Yet despite all this uncertainty, many stocks are moving higher. That’s because they still have strong growth prospects, regardless of wider economic problems.
Here I’ll highlight three UK growth stocks that I believe have substantial potential. If you have £1,000 to invest right now, I think these stocks are worth a look.
A founder-led company
One UK growth stock I like a lot is Alpha FX (LSE: AFX). It’s a fast-growing, founder-led, financial company that offers foreign exchange (FX) hedging services to businesses. The company has a distinguished client base that includes the likes of ASOS and Halfords.
Alpha’s growth in recent years has been impressive. Over the last three years, revenue has climbed from £8.5m to £35.4m. Meanwhile, earnings per share over this period have surged from 13.4p to 30.1p.

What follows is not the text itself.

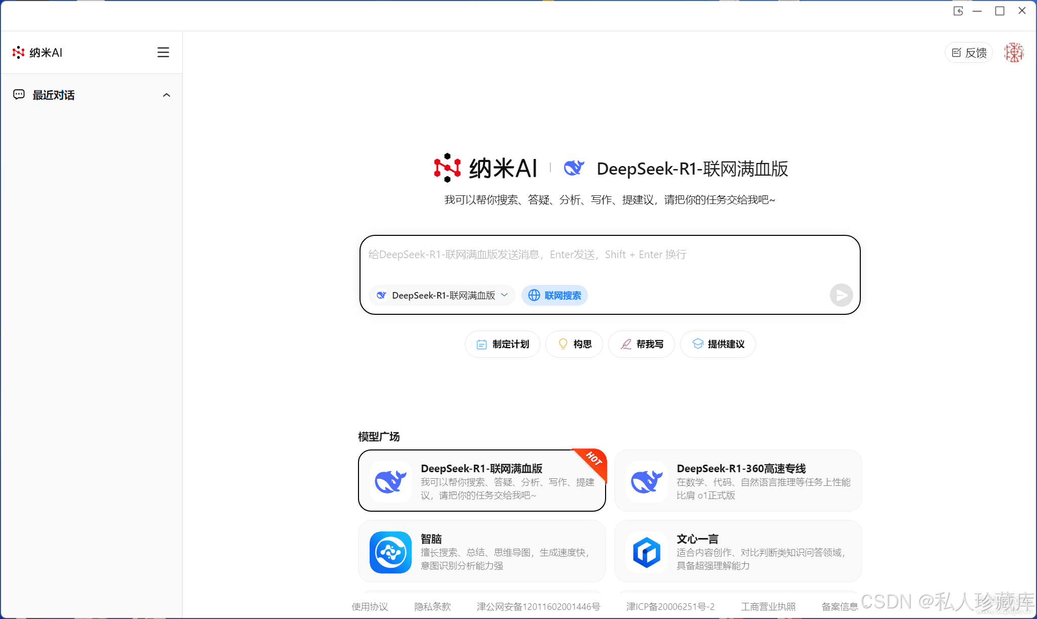 纳米AI桌面版,DeepSeek-R1-联网满血版无限用

Looking ahead, I expect the company to continue growing. Just recently, AFX advised that it remains profitable, well capitalised, and debt-free. It also said that it remains confident in its ability to generate long-term profitable growth.
AFX shares pulled back earlier in the year, but they’re now on the rise again. I’d buy today while the valuation (FY21 P/E ratio of 25) is attractive.
A top UK growth stock
Another UK growth stock that I believe has considerable potential is dotDigital (LSE: DOTD). It’s a fast-growing tech company that offers an artificial intelligence-based digital marketing platform.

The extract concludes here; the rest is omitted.